Although the utility said Thursday it won't be done rechecking all 840,000 meters in its system until the end of the year, it is confident it already has identified the vast majority that were sending wrong information, which led to the additional billing of some customers.

"As we go through and recheck, we may find a few more meters out there that have a problem, but we don't anticipate it will be anything like the numbers that we've found so far," Questar spokesman Darren Shepherd said.

Questar started installing transponders, or transmitters, onto its meters about 10 years ago. Its goal eventually was to place a transponder on each meter so it could forgo sending individual meter readers out to each home. The transmitters radio consumption data to computers placed inside company trucks driving through neighborhoods.

In November, though, the utility started loading new software onto laptop computers inside its trucks and discovered about 500 transmitters were under-reporting natural gas use.

After Questar tried to back bill those customers for the natural gas they had used but not paid for - some customers were handed bills of $2,000 or more - the state's Public Service Commission ordered an investigation to evaluate the scope of the problem. It asked the state's Division of Public Utilities to conduct the probe.

At a scheduling conference on Thursday, division director Phil Powlick presented an outline of the proposed investigation that included timetables for gathering needed data from the company and suggested hearing dates.

Among the questions Powlick indicated the division wanted answered was how far back Questar Gas can go in collecting underpayments from its customers. "Six months or two years appear to be the options open to us," Powlick said.

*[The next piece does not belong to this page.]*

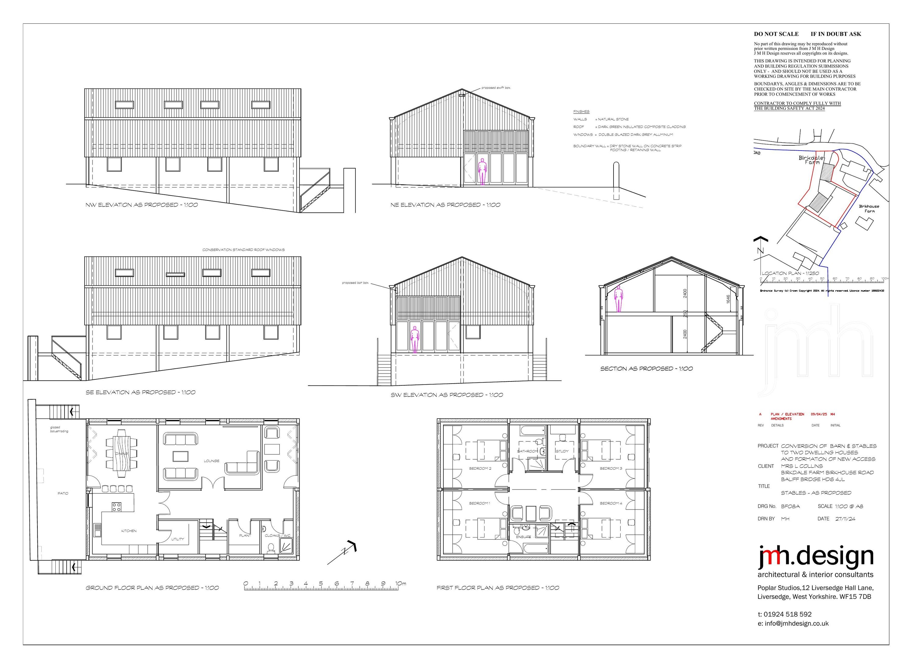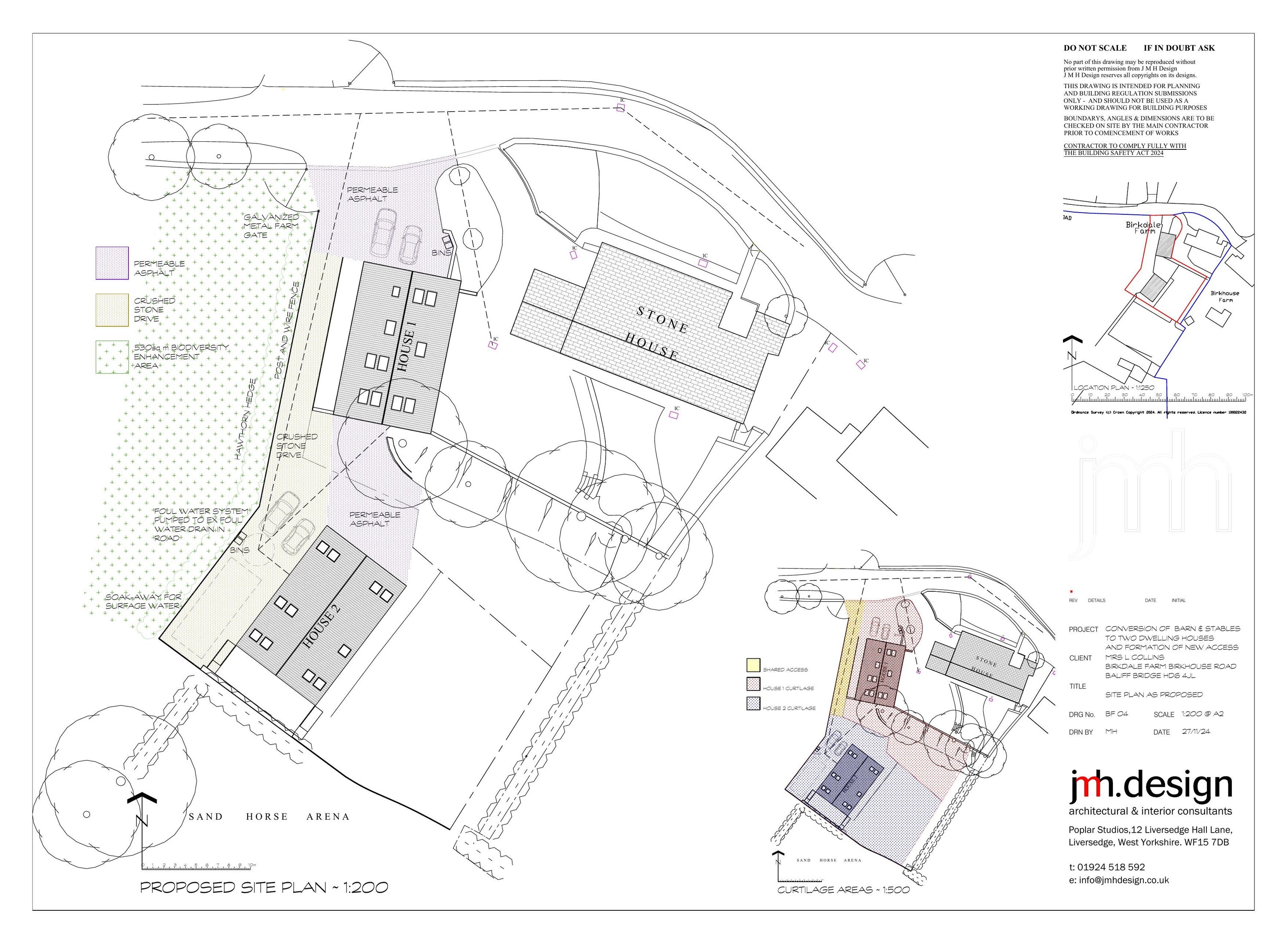Conversion of barn and stables to two dwelling, formation of a new access

Consumer advocate Roger Ball of the Utah Ratepayers Association said investigators should "have the drains opened up. We need to follow the money and find out what the financial consequences of this [problem] was for the past 10 years, wherever it may lead us."

Questar customer Chris Segura, a retired Salt Lake County employee, said he was heartened by the hearing because the state "appears to be heading in the right direction."

Three weeks ago, Segura received a bill from Questar Gas that indicated he owed them an additional $2,049 because the company-owned meter on his home had a transmitter that was sending the wrong information about how much natural gas he had been using.

Michele Beck, director of the Committee of Consumer Services that is charged with serving as the voice of consumers in utility matters that come before state regulators, said while the committee will be working with the division on the investigation it may come to different conclusions and have different policy recommendations on addressing the transponder problem.

"We like the idea of having a report [done] this summer," she said.

Under the schedule proposed by the Division of Public Utilities, public hearings on the matter will be in mid-August.